Note: 4*8-10 denotes 4 sets of 8-10 reps. If I have a ‘1.’ before the exercise then all sets are to be completed before moving onto the next exercise. If, for example, I have a 1a and 1b then the exercises are meant to be done in a superset.
The Workout Broken Down
Step 1: Rep Range. The client is working throughout a variety of rep ranges. Since the primary goal is fat loss, the client needs to build up some muscle so have them working within hypertrophy ranges mostly. The workout shifts to becoming more metabolic when the client gets to the secondary exercises. The reps increase and speed intervals are placed throughout.

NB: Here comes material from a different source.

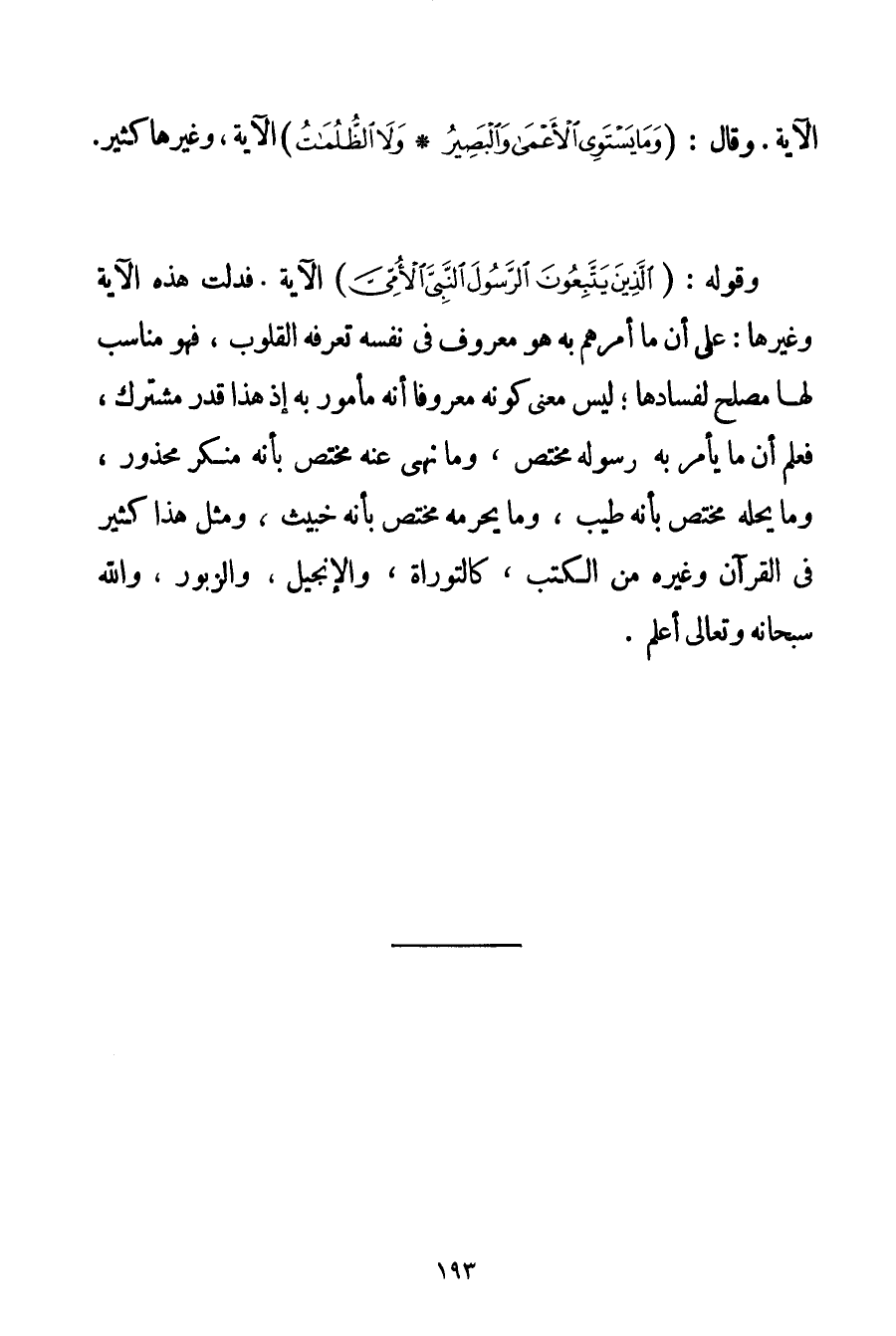 كَالْمُجْرِمِينَ} الْآيَةَ. وَقَالَ: {وَمَا يَسْتَوِي الْأَعْمَى وَالْبَصِيرُ} {وَلَا الظُّلُمَاتُ} الْآيَةَ وَغَيْرُهَا كَثِيرٌ. وَقَوْلِهِ: {الَّذِينَ يَتَّبِعُونَ الرَّسُولَ النَّبِيَّ الْأُمِّيَّ} الْآيَةَ. فَدَلَّتْ هَذِهِ الْآيَةُ وَغَيْرُهَا: عَلَى أَنَّ مَا أَمَرَهُمْ بِهِ هُوَ مَعْرُوفٌ فِي نَفْسِهِ تَعْرِفُهُ الْقُلُوبُ فَهُوَ مُنَاسِبٌ لَهَا مُصْلِحٌ لِفَسَادِهَا؛ لَيْسَ مَعْنَى كَوْنِهِ مَعْرُوفًا أَنَّهُ مَأْمُورٌ بِهِ إذْ هَذَا قَدْرٌ مُشْتَرَكٌ فَعُلِمَ أَنَّ مَا يَأْمُرُ بِهِ رَسُولَهُ مُخْتَصٌّ وَمَا نَهَى عَنْهُ مُخْتَصٌّ بِأَنَّهُ مُنْكَرٌ مَحْذُورٌ وَمَا يُحِلُّهُ مُخْتَصٌّ بِأَنَّهُ طَيِّبٌ وَمَا يُحَرِّمُهُ مُخْتَصٌّ بِأَنَّهُ خَبِيثٌ وَمِثْلُ هَذَا كَثِيرٌ فِي الْقُرْآنِ وَغَيْرِهِ مِنْ الْكُتُبِ كَالتَّوْرَاةِ وَالْإِنْجِيلِ وَالزَّبُورِ وَاَللَّهُ سُبْحَانَهُ وَتَعَالَى أَعْلَمُ.

Step 2: Primary exercises. I wanted to make both days full body so split the workout into push and pull. In choosing the primary exercises I also wanted the rep range to be in the hypertrophy range so I chose large multi-joint exercises and not power movements. Since the client is intermediate they would be able to handle 4 primary exercises. The squat, bench press, chin up and dead lift are all done by themselves so the client can focus on performing these movements well.

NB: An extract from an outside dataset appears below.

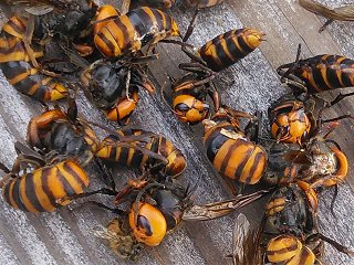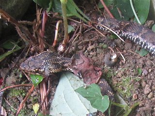 昨日26日、汁見谷のゆら早生の様子を見に行ったら、いきなり草刈りモード。破れ傘状態のハウスは、路地と変わらない草の海。1時間半程で刈り上げるが、外の青島も気になり一部を刈り出す。ところが空調ベストを忘れ暑さに耐えかね、燃料切れに合わせ帰宅し涼む。35℃超じゃやってられない。今日27日はその続きを考えたが、背戸が気になり草刈りを始めた。背戸は柿木・ヤマモモ・ツツジの他に、ハラン・センリョウ・マンリョウ・ナンテン等々が植わり、その下草にシダ類やドクダミが密集している。年に数回刈り込むが、気が向いた時やるので、前回刈った時期など忘れている。大した時間は掛からないが今回は想定外の出来事があった。涼んていたマムシに草刈り刃が接触してしまったのだ。アオダイショウやヤマカガシ等は生活の一部として頭にあるが、マムシが民家の基礎コンクリにへばり付いているなんて想定外。そもそも、音を聞いて逃げないのも可笑しい。草の様に刈られるのを待っていたのか…そんなこたぁ無いよな。回りは35℃超の猛暑だけど、ここは居眠りを誘う極楽だったのか…。写真は、分かり難いが枯葉やドクダミの中でご臨終のマムシ。このままでは後味が悪いので、穴を掘り石を置き葬った。そう言えば最近、他の小動物との遭遇も多い。猛暑で動物たちの行動範囲に変化が及んでいるのか…。オンマウスは28日二本松蜂場で捕殺したスズメバチ。短時間で30匹も…。 |

Step 3: Secondary exercises. This is where the most variance takes place and you can be very creative. In choosing these exercises I wanted to stay true to the push/pull split and put a special focus on core strength. Lastly I included some exercises that will improve the client’s performance within the primary movements. The single leg squat is a good example as it increases knee, ankle, and hip stability.

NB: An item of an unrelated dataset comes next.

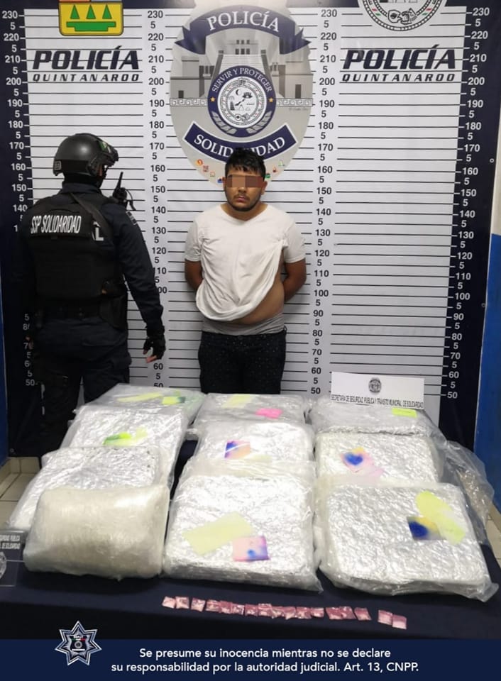 Playa del Carmen.- Policías de la Secretaría de Seguridad Pública y Tránsito Municipal de Solidaridad, aseguraron a un sujeto en posesión de 9 paquetes con posible marihuana envueltos con aluminio, 17 bolsitas y 1 envoltorio con posibles narcóticos, en el fraccionamiento Selvanova.

Step 4: Tertiary exercises. I opted to include the tertiary exercises within the workout as opposed to doing them at the end. Reason being, this client is an intermediate so will have performed most of these movements before. I also want the workout to be metabolic in nature and the addition of active rest periods in between sets is an added benefit. For this client I would also have a list prepared of tertiary exercises to throw in the workout in an unorganized manner.
Step 5: Cardio guidelines. Since I wanted the workout to be metabolic in nature I added sprint intervals throughout. In addition, I added two cardio days for the client to perform throughout the week. This is because the primary goal is fat loss.
Step 6: Dynamic warm up. Again, the client is at the intermediate level so he would be comfortable performing the warm up by himself. I therefore would provide them with the dynamic warm up handout package and show them through it once. Beyond that, their job is to have the warm up completed before they see me.
Avoid Overwhelming Your Client
Beginner clients often are overwhelmed by the whole experience of joining a fitness club and working with a trainer. By designing a complicated program, you make the experience even more overwhelming, and set the client up for frustration and failure.
The key to the Focus System is to ‘Focus’ on 1-2 of the most important things in your client’s program.
Get them excited about the couple exercises that are specifically going to help them, make the workout relevant, and base your progression on the important aspects as they won’t get better at everything.
No matter who your clients are or what your own background is you have to grow your clients step by step to their goals. Follow The Focus System and you will have your bases covered. Make sure not to get caught up in trying to do too much.